The Los Angeles Rams: Already Winners?

The Los Angeles Rams: Already Winners?

Eminent Domain and Publicly Funded Stadia

Raymond J. Nhan January 19, 2016

Recent news of the Los Angeles Rams is a win-win-win for the NFL and taxpayers in Los Angeles and St. Louis. Though citizens of the Gateway City may feel differently right now, they just avoided a massive waste of taxpayer funds and a series of eminent domain abuses. And the NFL may have avoided another embarrassing story about taxpayers financing their multi-billion dollar (until recently tax-exempt) operation.

There is a long history of cities subsidizing expensive sports stadium projects. While supporters of these sports stadiums tout the economic boon that these projects bring, these successes never seem to materialize. Study after study, from those on the left and the right, have shown that government-subsidized sports stadiums hurt local economies rather than help. The Barclays Center, built to house the Brooklyn Nets and to re-vitalize the community, for instance, has been a financial disaster. It has lost 9 million dollars in its third year of operation and the promise of low-income housing in the area has not materialized. In response to these public burdens, commentators have long been calling for organizations like the NFL and FIFA (the governing agency for international soccer) to foot the bill for these stadiums.

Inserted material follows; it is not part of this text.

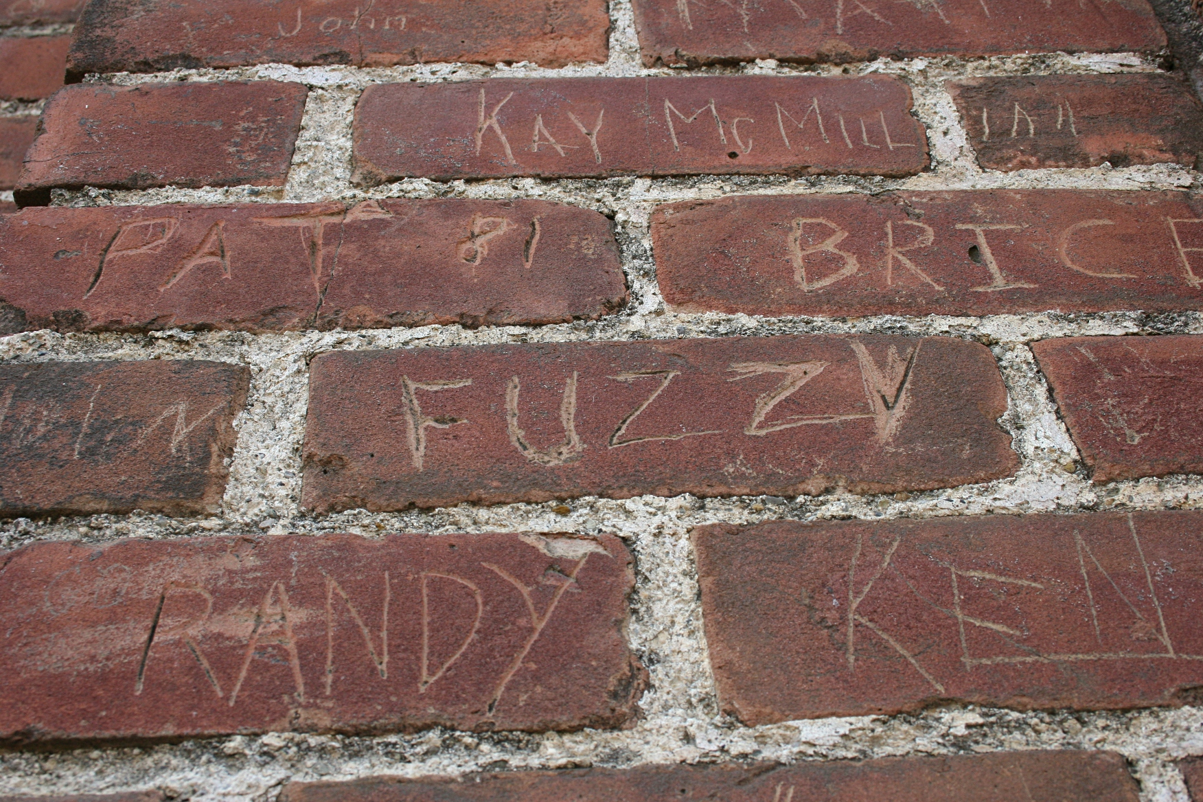 One of the more unusual finds in Webster was this graffiti etched into brick on a downtown building. Names covered several separate sections of wall. I photographed this particular section because of the name Randy (my husband’s name) and “FUZZY,” which was the nickname for one of his sisters. No, they did no etch their names here. Anyone know the story behind all of this downtown graffiti?

Not only is taxpayer money wasted, but eminent domain is often used and abused to obtain property to build these stadiums. Cities will typically attempt to negotiate to purchase private property initially. But if owners do not oblige, cities have shown little hesitation to use eminent domain to obtain the desired land. Cities like Sacramento, San Diego, Washington, D.C., Brooklyn, and Los Angeles have all used eminent domain to acquire land to build sports stadiums.

The story of Chavez Ravine in Los Angeles might be the most heart-wrenching of these stories. In the early 1950s, city officials condemned land and displaced a Mexican-American community in Chavez Ravine to redevelop the area into “Elysian Park Heights.” Like so many eminent domain projects, “Elysian Park Heights” fell through. The Dodgers then purchased the land for a fraction of what Los Angeles had spent in trying to develop it.

Unlike these previous public projects, Los Angeles seems to have gotten a very good deal this time around. Not only is the team that called Los Angeles home for 49 years returning, but the Rams' new stadium (actually located in Inglewood, California) will be on privately owned land and the project will be privately financed. The planned development is also expected to have residential housing, office space, a hotel, a public park, and entertainment facilities. Also, the stadium is expected to be capable of hosting future Olympics, Super Bowls, Final Fours, the NFL Combine, and other entertainment events. 

Rams owner Stan Kroenke will likely bear most of the financial liabilities—up to $3 billion dollarsassociated with the project.  Kroenke also has likely acquired all of the land needed, and eminent domain likely will not have to be used. It is certainly possible that Angelenos will have to bear some costs associated with the stadium, such as public transportation to Inglewood. Also, only time will tell whether the County ultimately puts the burden of the paying for the required infrastructure upgrades on the stadium owners or the taxpayers. For the more skeptical among us, the Inglewood stadium will be bought and paid for to some degree by the citizens of the City of Angels. But in comparison to other public stadium projects, the Inglewood stadium will have a lighter footprint for taxpayers and private property owners.

In contrast, St. Louis proposed to build an open-air riverfront stadium along the Mississippi River. This project would have included approximately $400 million dollars in public money and would have likely required the city to condemn private property. And these figures do not seem to take into account potential upkeep costs or the remaining money that is owed for the Rams’ former stadium. So this story has a silver lining for St. Louis residents: they may have avoided a financially onerous plan that may have launched additional eminent domain proceedings.

While the NFL and St. Louis may have dodged a bullet, there are still potential problems down the road. First, the current stadium situations for the San Diego Chargers and Oakland Raiders are still in limbo. San Diego is set to vote on providing public money for a new Chargers stadium. But San Diego’s plan may be moot if the Chargers exercise their option to join the Rams in Los Angeles. The Raiders’ situation is more fickle. They currently are not as close to a long-term plan for a new stadium and Oakland is still in debt from refurbishing the Oakland Coliseum when the Raiders moved back in 1995.

St. Louis taxpayers are not out of the woods either. The city could conceivably use the money they had promised to the Rams to try to entice another NFL team to move there, even though city officials have initially said they will not do so. If that is the case, St. Louis may become leverage, just like Los Angeles has been for the past 21 years, for other NFL teams to force their cities to build new stadiums. This may ironically lead to more squandered taxpayer funds and eminent domain abuse in other cities.

While there may be more troubles down the road with the Rams and the Inglewood project, namely additional costs, it so far looks like a win-win-win situation. The NFL saves face, Los Angeles gets an NFL team and a privately financed world-class stadium, and St. Louis saves hundreds of millions in taxpayers’ dollars.